● What the task requires:
From the entries that follow, reproduce exactly and only the lines from the line with "3、找到想收听的小说后,点击其封面就能进入阅读详情页界面。" to the line with "Men's Retro Lining", endpoints included.

● Record extracts:

+---+

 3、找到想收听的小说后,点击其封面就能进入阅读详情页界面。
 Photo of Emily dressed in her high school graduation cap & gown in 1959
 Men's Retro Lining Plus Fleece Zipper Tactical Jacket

+---+

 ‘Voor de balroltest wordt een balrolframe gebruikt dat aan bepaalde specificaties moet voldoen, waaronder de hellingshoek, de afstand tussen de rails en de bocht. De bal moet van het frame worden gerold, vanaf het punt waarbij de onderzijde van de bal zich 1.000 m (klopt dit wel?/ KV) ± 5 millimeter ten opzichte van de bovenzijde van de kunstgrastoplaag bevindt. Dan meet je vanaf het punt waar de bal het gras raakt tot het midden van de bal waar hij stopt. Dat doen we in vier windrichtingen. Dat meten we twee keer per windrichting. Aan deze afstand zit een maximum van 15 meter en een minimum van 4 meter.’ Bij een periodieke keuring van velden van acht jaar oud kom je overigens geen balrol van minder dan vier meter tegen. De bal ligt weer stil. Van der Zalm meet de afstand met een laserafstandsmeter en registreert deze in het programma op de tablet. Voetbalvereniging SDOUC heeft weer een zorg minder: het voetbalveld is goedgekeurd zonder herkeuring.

+---+

● Exercise result:
 3、找到想收听的小说后,点击其封面就能进入阅读详情页界面。
 Photo of Emily dressed in her high school graduation cap & gown in 1959
 Men's Retro Lining Plus Fleece Zipper Tactical Jacket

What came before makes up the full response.